Pin Oak (Quercus palustris)
The pin oak has lower branches that sweep down to almost touch the ground, middle branches that extend horizontally, and upper branches that reach straight upward. In the wild, the lowest branches are often shaded by other trees which causes these branches to die, break off, and leave pin-like stubs on the trunk, hence the tree's common name. Pin oak leaves have pointed and pronounced lobes and will turn deep red in the fall. This tree attracts birds and mammals.
Family: Fagaceae (Beech)
Characteristics: The 5-inch-long leaves have 5-7 pointed lobes and deep margins that cut close to the stem. The leaves are dark green and turn a russet-red in the fall. This tree produces insignificant yellow-green flowers that appear as catkins. Acorns are half an inch long and have thin caps that barely cover the nut. Bark is gray, smooth, and usually develops shallow ridges with age. This tree has a pyramidal to oval shape. Lower branches hang downward, middle branches extend horizontally, and upper branches are upright. This tree grows 60-70 feet high and 25-40 feet wide.

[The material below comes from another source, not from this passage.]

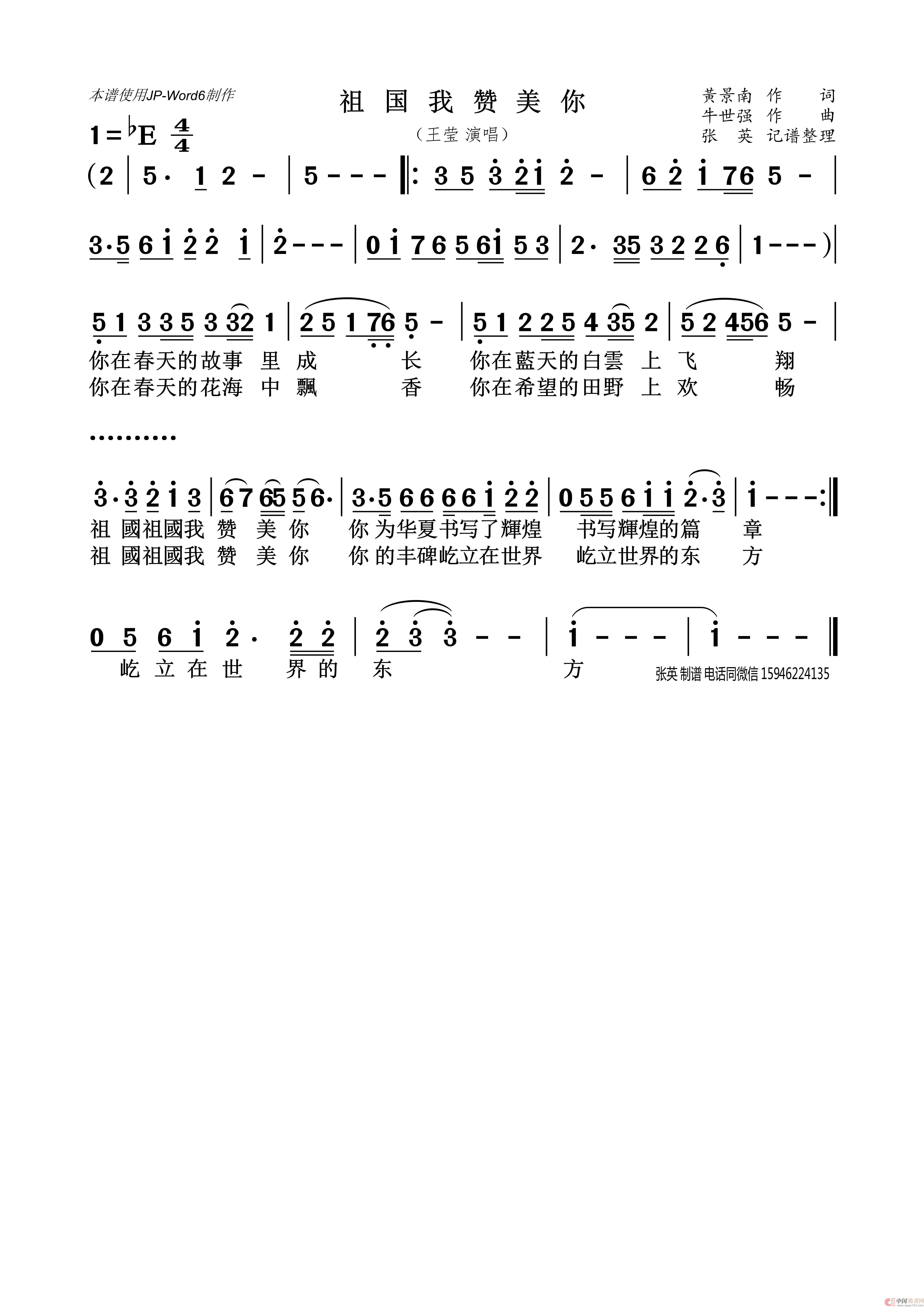 《祖国我赞美你》文本歌词

Foliage: Deciduous (leaves lost seasonally)
Geographic Origin: Northeastern United States, southeastern Canada (native)
Cultivation Notes: Requires medium maintenance. Does best in full sun. Prefers acidic and medium to wet soils. The pin oak is one of the easiest oaks to plant and transplant. This tree should not be planted in high pH soil, as it will cause the leaves to yellow.